Multi-modal Single-Cell Analysis Reveals Brain Immune Landscape Plasticity during Aging and Gut Microbiota Dysbiosis

Abstract

Phenotypic and functional plasticity of brain immune cells contribute to brain tissue homeostasis and disease. Immune cell plasticity is profoundly influenced by tissue microenvironment cues and systemic factors. Aging and gut microbiota dysbiosis that reshape brain immune cell plasticity and homeostasis has not been fully delineated. Using Cellular Indexing of Transcriptomes and Epitopes by sequencing (CITE-seq), we analyze compositional and transcriptional changes of the brain immune landscape in response to aging and gut dysbiosis. Discordance between canonical surface-marker-defined immune cell types and their transcriptomes suggest transcriptional plasticity among immune cells. Ly6C⁺ monocytes predominate a pro-inflammatory signature in the aged brain, while innate lymphoid cells (ILCs) shift toward an ILC2-like profile. Aging increases ILC-like cells expressing a T memory stemness (T_scm) signature, which is reduced through antibiotics-induced gut dysbiosis. Systemic changes due to aging and gut dysbiosis increase propensity for neuroinflammation, providing insights into gut dysbiosis in age-related neurological diseases.

Keywords: CITE-seq; CNS; aging; brain; brain immunity; dysbiosis; gut microbiota; single-cell sequencing.
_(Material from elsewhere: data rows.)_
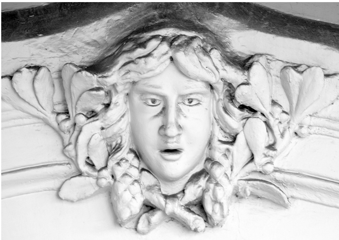
«Каменные лица Ростова»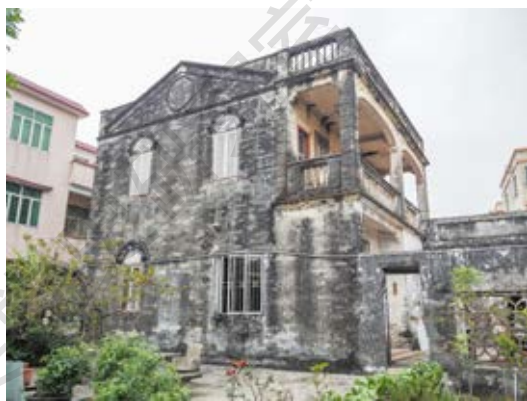
中共南番中顺临时工作委员会妇女干部训练班旧址主屋侧面外景（黄春华摄于 2023 年 1 月）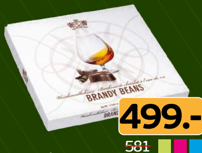
Конфеты «Варнер Хадсон» с бренди 500г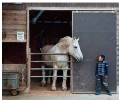
【第46回 上毛新聞社賞】「視線」反町 文子(高崎)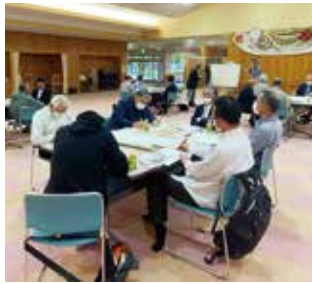
5/18 高山村保健福祉総合センターの様子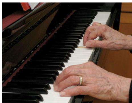
Es geht vorwärts: mit beiden Händen.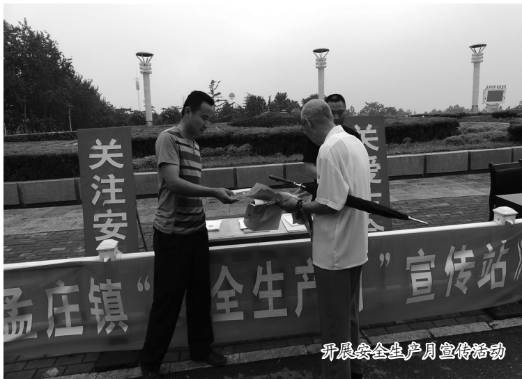
开展安全生产月宣传活动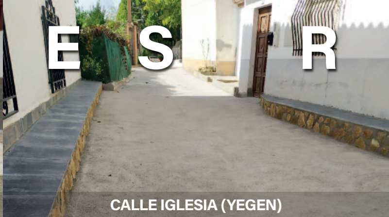
CALLE IGLESIA (YEGEN)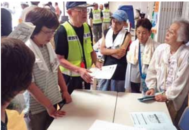
▲避難所ルールの作成

なお、感染拡大防止のため規模を縮小し、西川端地区を対象に行う予定です。今年度は当日の一般参加はできませんが、防災ハンドブックなどを活用し、各ご家庭で防災について話し合います。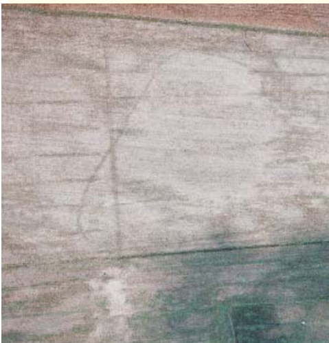
Luftbild von O. Braasch aus dem Jahr 1992. In der Bildmitte im hellen Umfeld eine dunkle Linie, die mit gerundeten Ecken rechtwinklig abbiegt.

Da die Römerforschung - sieht man von den Grabungen in Kalkriese ab - in Niedersachsen noch nie so richtig in Fahrt gekommen ist, gelangten die Bilder an den Verfasser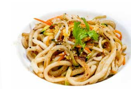
323. UDON CON VERDURE sesamo € 6.00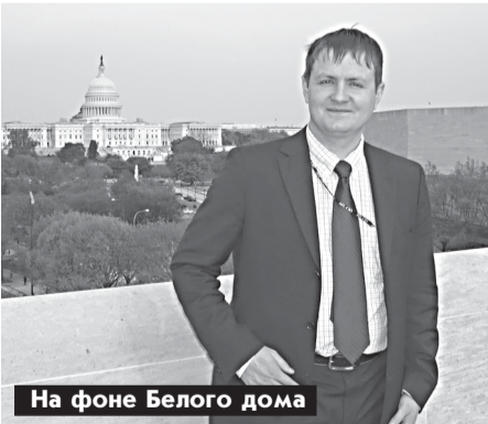
На фоне Белого дома

- Учитывая тенденцию интернационализации высшего образования и в силу специфики направлений подготовки, юридический факультет принимает активное участие по интеграции в международное академическое пространство. Благодаря активной работе преподавателей в этом направлении и живому интересу студентов ЮФ имеет партнерские отношения с США, со странами Западной и Восточной Европы, а также Ближнего Зарубежья.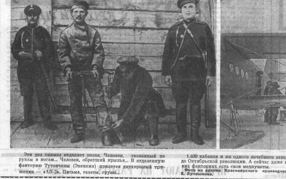
Эти два снимка отделяет эпоха. Человек, скованный по рукам и ногам... Человек, обретший крылья... В отдаленную факторию Тутовчан (Эвения) привезли двухкрылый труженник — «АН-2». Письма, газеты, грузы...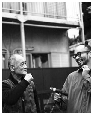
聞き手・亀井寛之 執筆・写真・熊井晃史 参考文献リサーチ・宇山陽子 ロケーション・ジョイフル観光

..ジョイフル過ぎます!し、井 野さんの曾祖父の方は、水車を動 力にして組紐を作る工業を起し ていたそうですが、技術者の血と いうものを感じてしまいます。 ..幸吉さんは、子どもの時には まだご存命で、膝に乗せてもらっ たりしていました。工場はあそこ にあつて:(と、「三鷹市史(197 0年発行)」も参照しながらまとめ ると、明治に始まるこの組紐工業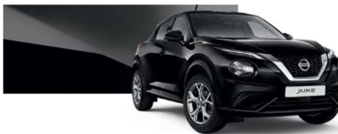
Czarny - Z11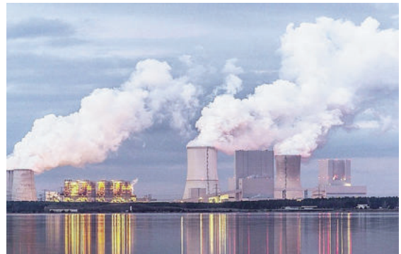
Năng lượng hóa thạch hiện đang chiếm hơn 80% tổng mức tiêu thụ năng lượng toàn cầu

Theo thông cáo báo chí của hội đồng thành phố Boston, việc sử dụng nhiên liệu hóa thạch trong các tòa nhà chiếm hơn 1/3 lượng khí thải nhà kính của thành phố. Điều này không chỉ góp phần gây ra biến đổi khí hậu toàn cầu mà còn gây ô nhiễm không khí tại địa phương, ảnh hưởng nặng nề đến các tầng lớp dân nghèo, ít được bảo đảm xã hội. Theo nhiều nghiên cứu, nhà ở chuyển sang không sử dụng nhiên liệu hóa thạch sẽ đem lại những lợi ích về lâu dài như chất lượng không khí được cải thiện, giảm phát thải carbon, nâng cao mức tiện nghi nhiệt.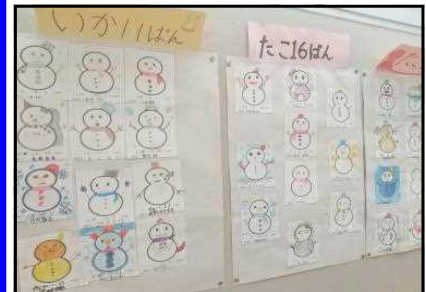
【各縦割り班でのゆきだるまカード】

「ゆきだるまみれ大作戦」毛野っこ集会ができないために、縦割班の友達とのつながりを雪だるまを通して高めます。それぞれのかわいい雪だるまが3階に掲載してあります。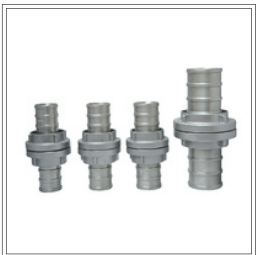
وصلة خرطوم مصنوعة من الألمنيوم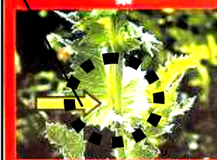
葉の付け根が茎を抱き込んでいます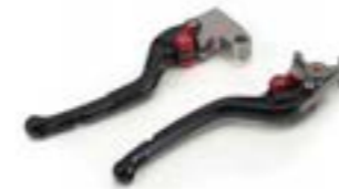
LEVIERS USINÉS A9620086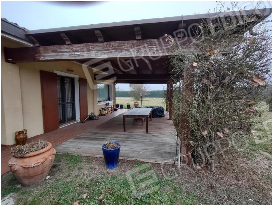
FOTO 7. La tettoia in legno ( non autorizzata) addossata al prospetto sud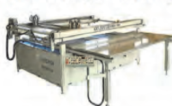
スクリーン印刷機「カリバー」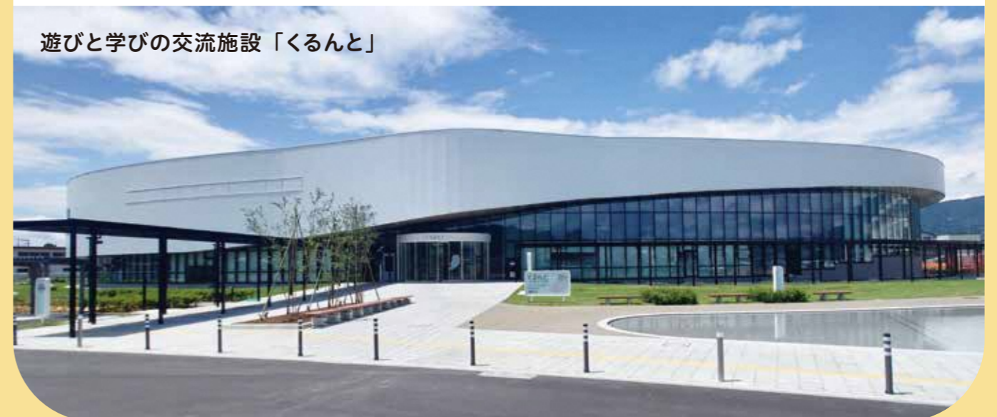
遊びと学びの交流施設「くるんと」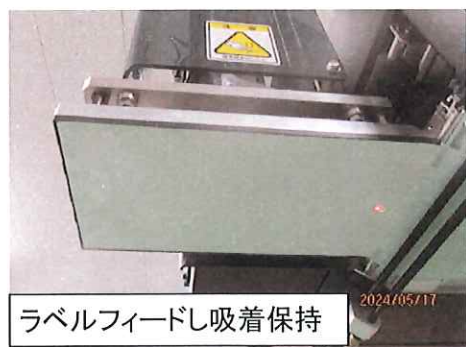
ラベルフィードし吸着保持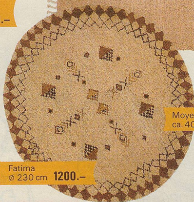
Fatima Ø 230 cm 1200.-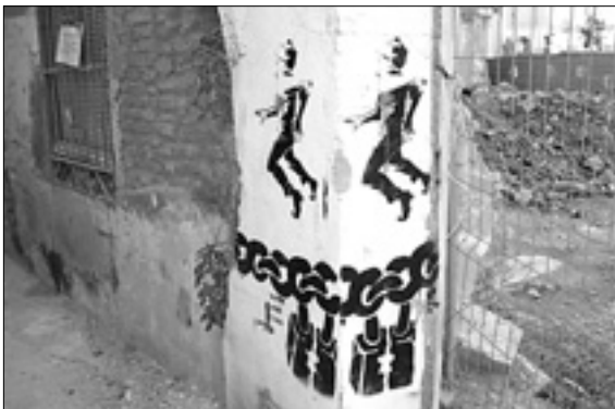
Un curioso dibujo en una calle malagueña.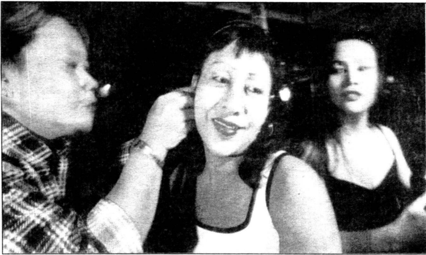
සලේගා, නුතනුණු ශල්‍යවේද්‍යවරයෙක් විශ්වාස කළ අතර ඇගේ කළවා වලට සිදුවූ හානිය හිසා නඩු පැවරූ සුවන්ප්‍රදීප නම් වූ හිසිය

වඩා හොඳ පෙනුමක් ඇති පුද්ගලයා නිවැරදිව තෝරා ගනු ඇති ආර්ථික අවපාතවලට හසුවූ තාසිලන්ත රජය පවා ජ්‍යෙෂ්ඨ ශල්‍ය කර්මවල මුදල් ඉපයිය හැකි විභවය අවබෝධ කර ගෙන සිටියි. එහි සංචාරක අධිකාරිය විදේශික සංචාරකයින්ට ජ්‍යෙෂ්ඨ සැත්කම් කිරීම සඳහා යම් ආයතන වලට සහාය පළ කරයි. බැංකොක් හි තදබද වූ විදියක් ආශ්‍රිතව තවදුරටත් 12 වූ ඩොලර් මිලියන 90 ක් වූ රෝහල තරු පහේ ජ්‍යෙෂ්ඨ සැත්කම් කම්හලක් වැනි ය. මෙහි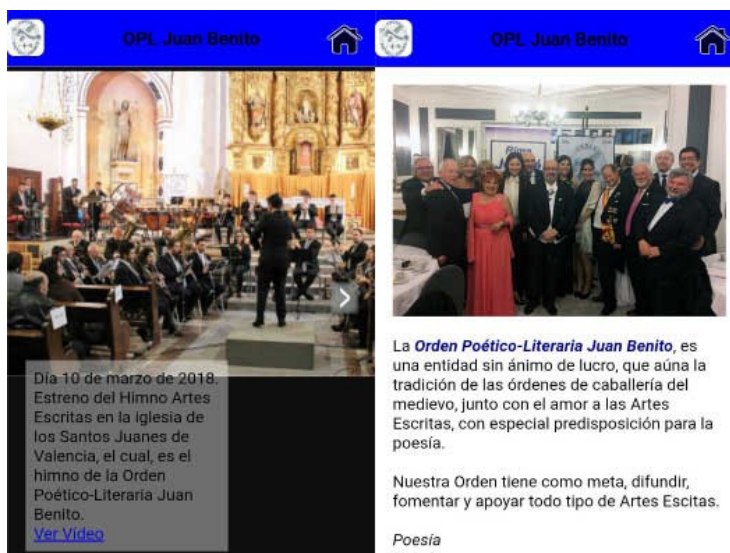
A la izquierda. Pantalla principal de la aplicación.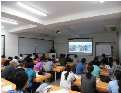
ブラッシュアップ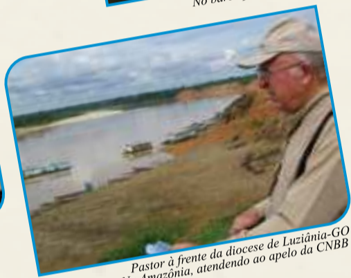
Pastor à frente da diocese de Luziânia-GO Na Amazônia, atendendo ao apelo da CNBB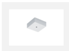
00-00370, W Deckenkappe 80x80x32mm

Figure 1.. CITE-Seq Delineates the Global Immune Cell Diversity in the Brain

(A) Schematic of experimental approach. (B) Single cells projected onto UMAP with cells color coded by transcriptional cluster ID (left). UMAP clustering as in left plot with cells color coded by canonical Cell-ID (right). Dashed circle (a) on peripheral lymphoid cell populations and dashed circle (b) on non-microglia myeloid cells are shown. (C) Heatmap of top differentially expressed genes (DEGs) per transcriptional cluster. (D) Stacked bar charts of peripheral lymphoid cells (top) and peripheral myeloid cells (bottom) frequencies (n = 3 biological replicates per group). (E) Volcano plot of differentially enriched gene pathways (DEGPs) in CD8⁺ T cells between aged and young. (F) Violin plots of Ly6a and Dusp2 expression in CD8⁺ T cells in young and aged (n = 3 biological replicates per group). All plots were derived from pooling three biological replicates per experimental condition. Data in (E) and (F) were analyzed by Wilcoxon rank-sum test. Also see Tables S1, S2, S3 and S4.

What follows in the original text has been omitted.